Dieses Jahr soll er Dich ultimativ aufrütteln. Es soll, es muss radikal werden. Meine Worte sollen Gewalt haben. Ich möchte, dass er Dich begleitet, sehr radikal und fokussiert. Denn es wird das letzte Jahr sein, die „Adlerperspektive“. Es soll Dich in Bewegung setzen. Zum Fliegen. Zum Jagen. Zum Abspringen. Zum Selbstbewegen.


Wir müssen nun endlich anfangen aufzuhören – nur zu schauen, nur zu lesen. Nur zu überlegen. Nur zu reflektieren. Nur anzuklagen. Wir müssen in die Tat kommen.

Rosa Luxemburg hat einmal gesagt: Diejenigen, die sich nicht bewegen – werden ihre Fesseln nicht spüren.

Siehst Du diese Tragweite?

Wir müssen aufhören zuzuschauen. Auch unserer eigenen Bequemlichkeit. Auch der eigenen Langsamkeit. Auch dem eigenen Leiden an irgendwas. Auch der Anpassung. Auch dem Mitspielen bei einem Spiel, das wir uns nicht ausgesucht haben. Wir müssen in die Aktion kommen.

Ich hatte einen kleinen Flashback. Am vergangenen Samstag, dem Vollmondtag, hatte ich eine wütende Auseinandersetzung mit einem fremden Mensch während eines scheinbar harmlosen Spaziergangs um einen Weiher. Ich hatte ein Gespräch mitgehört und meine alte (geliebte) Wut ist wieder in mir explodiert. Nicht wie sonst immer, habe ich mich in Gelassenheit geübt und habe mich nicht eingemischt. Diesmal habe ich eingegriffen und es wurde sehr schnell hitzig und zerstörerisch. Ich war ganz kurz vor der totalen Eskalation. Frag mich nicht, ob das richtig und angemessen war. Es war – ein Startschuss. Ich will nicht mehr nordisch-nobel die Klappe halten und mitspielen. Ich will das nicht mehr. Ich will die Dinge nicht mehr aushalten und verschweigen. Ich halte mich nicht mehr zurück. Ich sprenge die Ketten.

Machst Du mit?

Willst du dieses Jahr nutzen um Aufzuräumen – Wegzuwerfen? Auszubrechen? Neu zu beginnen? Zu erobern? Willst Du in eine befreiende Schlacht aufbrechen? Willst Du

r a d i k a l

für Dich und Deine Werte gehen? Willst Du Dich endlich in Bewegung setzen? In Deine Freiheit kommen?

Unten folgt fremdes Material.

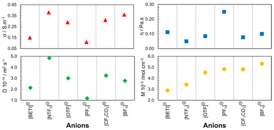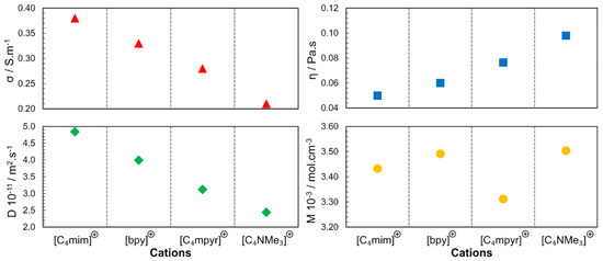 Cation dependence of viscosity (η), electrical conductivity (σ), self-diffusion (D) and molar concentration (M) for [NTF2]− -based ILs at 298 K and 0.1 MPa. The diffusion coefficient presented is the result of the sum of cation and anion self-diffusion. Image created using data published in references [35,36,37].

Wenn Du weiterhin gemütlich jeden Montag einen Blog lesen möchtest, der Dich ein bisschen amüsiert und inspiriert und unterhält, dann musst Du diesen Blog hier abbestellen. Weil es so nicht weitergeht. Ich will, dass Du an Deinen Fesseln der Bequemlichkeit rüttelst. Dass Du sie spürst und Schritt für Schritt ablegst. Und dann aufbrichst in das, was aus Dir werden könnte, wenn es nur möglich wäre. Und ALLES ist möglich wenn Du Deine Kraft in Dir anzündest und brodeln lässt.

Mitte der Achtziger hatte ich einmal eine gewaltige Auseinandersetzung mit einem Vorgesetzten. Ich hatte damals eine Anstellung (spürst Du dieses Wort – Anstellung?) in einem Team mit gelangweilten und systemgehorsamen Menschen. Ich war Rebellin, durch und durch und konnte mich nicht anpassen, mich nicht beugen, nicht gehorchen. Versucht habe ich es trotzdem. Das hat sehr viel unnütze Kraft gekostet aber ich wusste meinen inneren Ferrari noch nicht zu lenken. Das Team, in dem ich gehorchen sollte, mobbte mich bald. Sie wollten, dass ich funktionierte wie sie. Das war spannend anzusehen, wie alle gemeinsam versuchten, mich zu brechen. Perfide Mittel, herrlich intrigant. Es dauerte nicht lange, bis ich explodierte, meine Zündschnur war damals lächerlich kurz. Ich bestand auf sofortige Kündigung. Mein Chefchef meinte, ich müsse die gesetzliche Kündigungsfrist einhalten und noch drei Monate! gehorchen. Ich riss mir das T-Shirt vom Leib und schrie, wenn er mich nicht per sofort aus dem Vertrag lässt, würde ich behaupten er sei mir an die Wäsche gegangen. Ich war sofort draussen. Die Personalchefin kam, die Gewerkschafterin auch. Und sie sagten: „Du wirst auch noch ruhiger!“. Es klang für mich wie eine Drohung. Heute wie damals.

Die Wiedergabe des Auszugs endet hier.